Bethany M. Henrick, Xiao-Dan Yao, Kenneth Lee Rosenthal, the INFANT study team

Abstract

Immune activation is critical to HIV infection and pathogenesis; however, our understanding of HIV innate immune activation remains incomplete. Recently we demonstrated that soluble TLR2 (sTLR2) physically inhibited HIV-induced NFκB activation and inflammation, as well as HIV-1 infection. In light of these findings, we hypothesized that HIV-1 structural proteins may serve as pathogen-associated molecular patterns (PAMPs) for cellular TLR2 heterodimers. These studies made use of primary human T cells and TZMbl cells stably transformed to express TLR2 (TZMbl-2). Our results demonstrated that cells expressing TLR2 showed significantly increased proviral DNA compared to cells lacking TLR2, and mechanistically this may be due to a TLR2-mediated increased CCR5 expression. Importantly, we show that HIV-1 structural proteins, p17, p24, and gp41, act as viral PAMPs signaling through TLR2 and its heterodimers leading to significantly increased immune activation via the NFκB signaling pathway. Using co-immunoprecipitation and a dot blot method, we demonstrated direct protein interactions between these viral PAMPs and TLR2, while only p17 and gp41 bound to TLR1. Specifically, TLR2/1 heterodimer recognized p17 and gp41, while p24 lead to immune activation through TLR2/6. These results were confirmed using TLR2/1 siRNA knock down assays which ablated p17 and gp41-induced cellular activation and through studies of HEK293 cells expressing selected TLRs.
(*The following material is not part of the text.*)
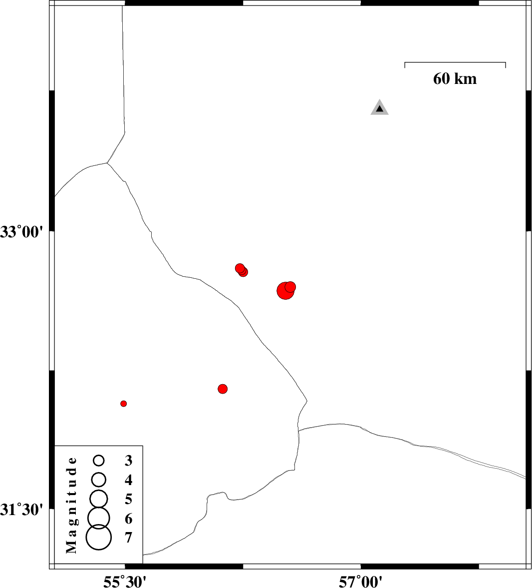 | 2013/08/20 | 12:04:45.2 | 16:34:45.2 | 32.78 | 56.25 | 14 | ML2.7 | Yazd Province, 111 km South-West of Tabas |

Interestingly, our results show in the absence of TLR6, p24 bound to TLR2 and blocked p17 and gp41-induced activation, thus providing a novel mechanism by which HIV-1 can manipulate innate sensing. Taken together, our results identified, for the first time, novel HIV-1 PAMPs that play a role in TLR2-mediated cellular activation and increased proviral DNA. These findings have important implications for our fundamental understanding of HIV-1 immune activation and pathogenesis, as well as HIV-1 vaccine development.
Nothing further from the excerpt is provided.